いっ‐しょう〔‐シヤウ〕【一生】 の意味

  1. 生まれてから死ぬまでの間。終生 (しゅうせい) 。生涯。「幸せな一生を送る」「事業に一生を捧げる」「一生を棒にふる」「一生忘れられない出来事」
  1. やっと生き延びること。一命。「九死に一生を得る」
  1. (「一生の…」の形で)生きている間に一度しかないようなこと。生涯にかかわる重大なこと。「一生の願い」「一生の不覚」
  • 名詞

いっ‐しょう〔‐シヤウ〕【一生】の慣用句

  1. いっしょうけんめい【一生懸命】
    • [名・形動]《「一所懸命」から》
    • 命がけで事に当たること。また、そのさま。「一生懸命に働く」「一生懸命探しまわる」
    • 引くに引けないせっぱ詰まった場合。瀬戸際。
      「―の敵(かたき)を防ぐ」〈風来六部集・放屁論〉
  1. いっしょうしょうじん【一生精進】
    • 生涯、仏道の修行に専心すること。
      「―にて、読経うちして」〈徒然・八六〉
  1. いっしょうの【一生の】
  1. いっしょうのねがい【一生の願い】
    • 生きている間に一度しかしないような、重要な願い。
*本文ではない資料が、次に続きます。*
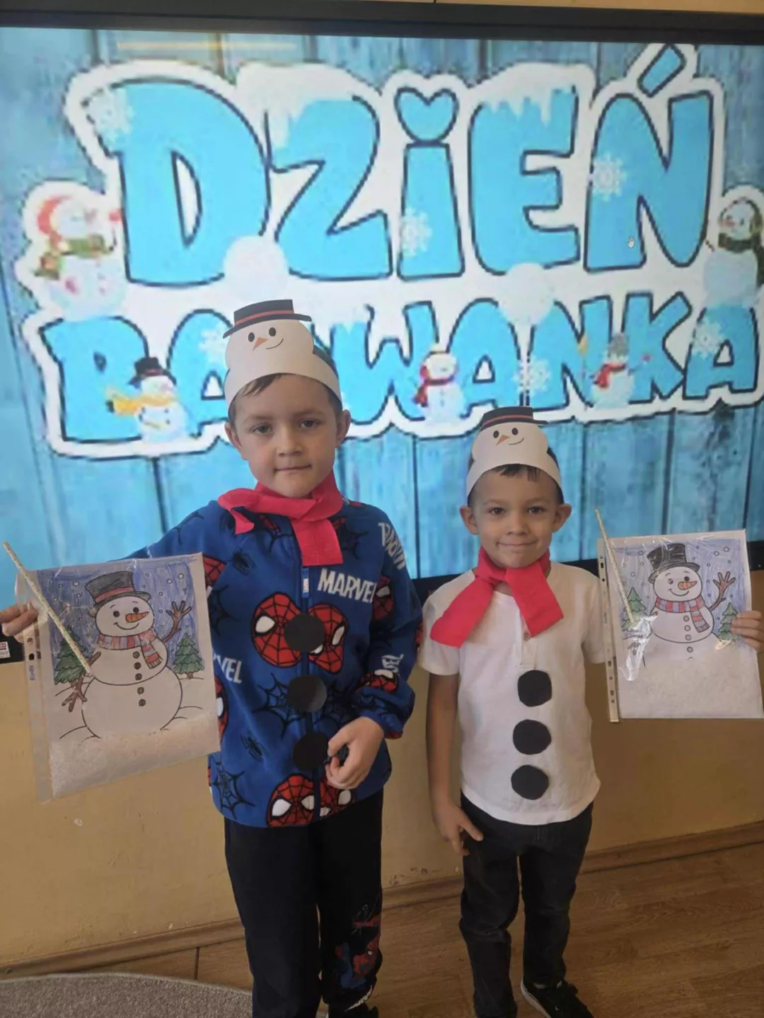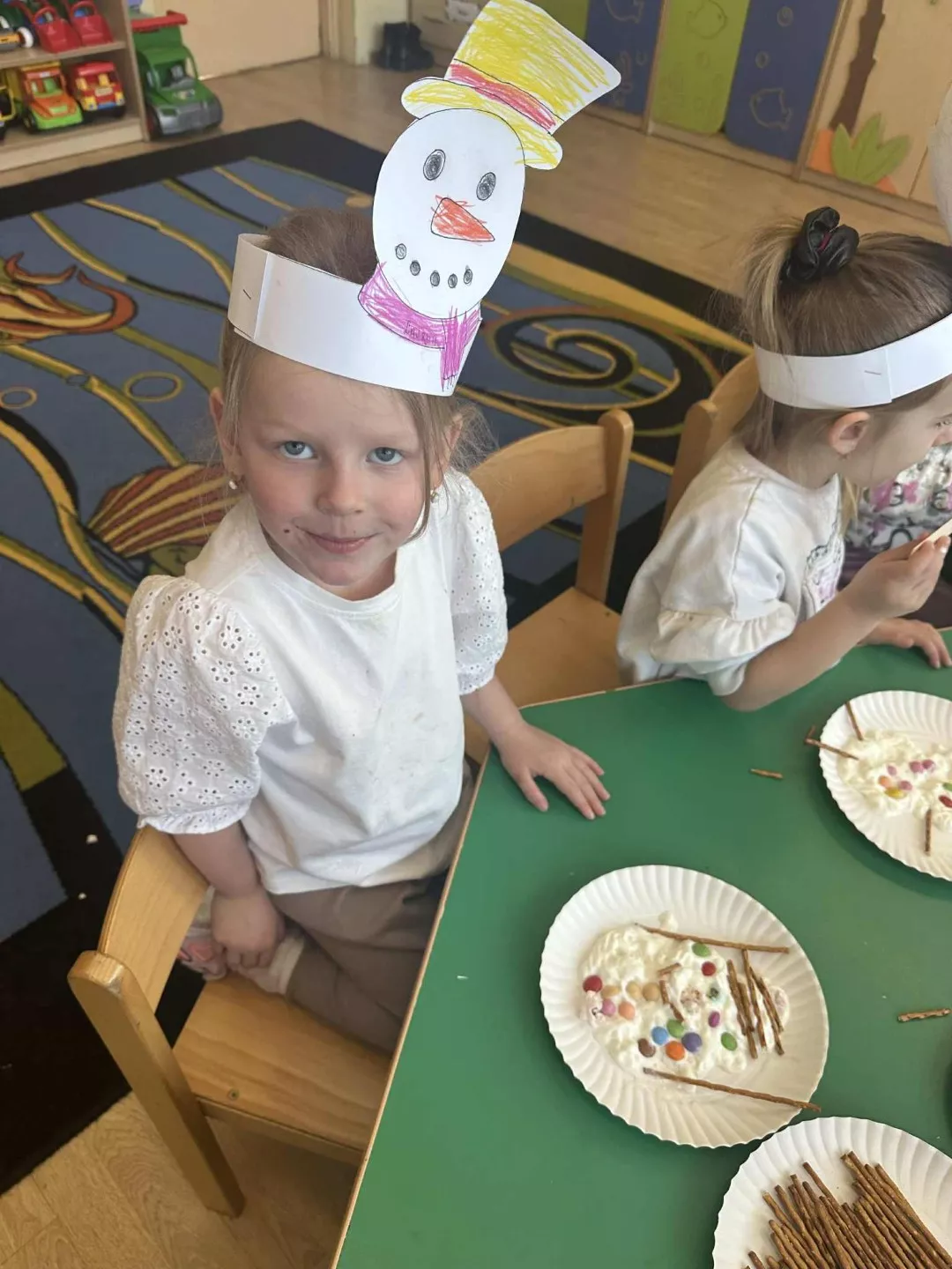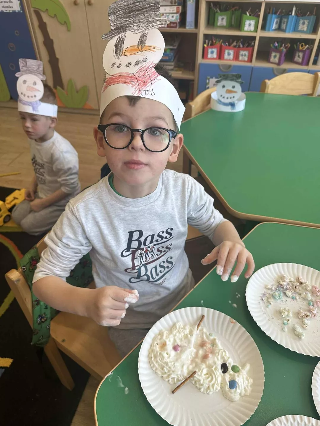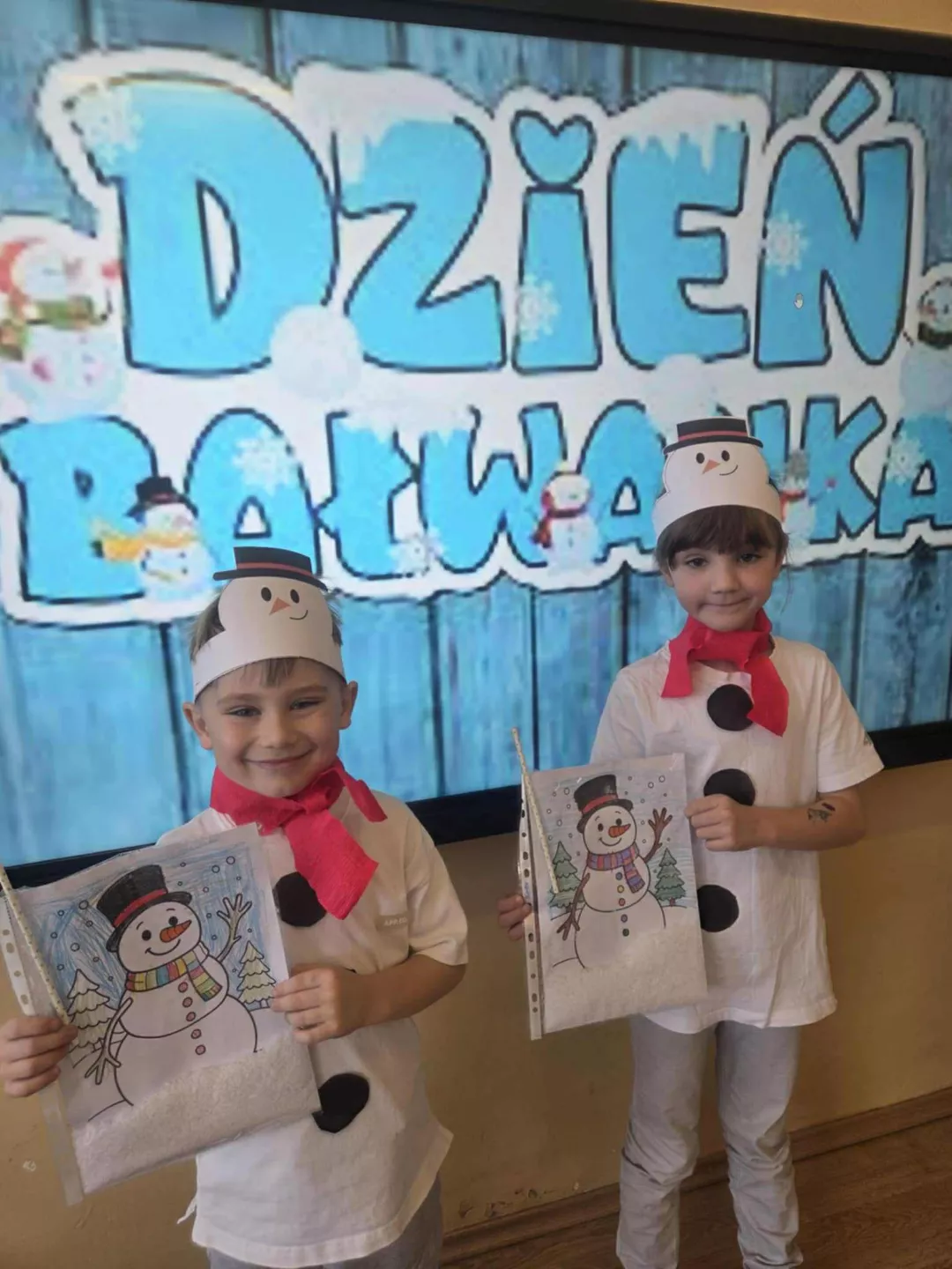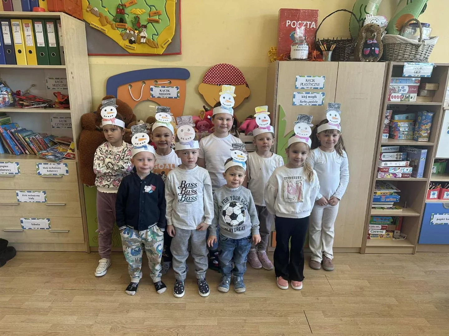 Tego dnia dzieci wykonały opaski na głowę i zamieniły się w małe śniegowe ludki.

一生のお願い。
      「木村は―として葉子との結婚を申し出た」〈有島或る女
  1. いっしょうのふさく【一生の不作】
    • 生涯かかわる失敗。取り返しのつかない過ち。
  1. いっしょうふしょ【一生補処】
    • 仏語。一度だけ、生死の迷いの世界につながれてこの世に生を受けるが、次の世は仏になることができる菩薩(ぼさつ)の最高位。特に、弥勒(みろく)菩薩についていう語。
  1. いっしょうふぼん【一生不犯】
    • 仏教の戒律を守り、一生を通して異性と交わらないこと。
      「―の座主、かの箱をあけて見給ふに」〈平家・二〉
  • いっ‐しょう〔‐シヤウ〕【一生】の例文

    出典:青空文庫

    • ・・・どうか後生一生のお願いですから、人間の脚をつけて下さい。

      芥川竜之介「馬の脚」

    • ・・・そのむずかしい役目を勤めてくれた医師が帰って後の、お前たちの母上の顔を見た私の記憶は一生涯私を駆り立てるだろう。

      有島武郎「小さき者へ」

    • ・・・やっぱり君は一生歌を作るだろうな。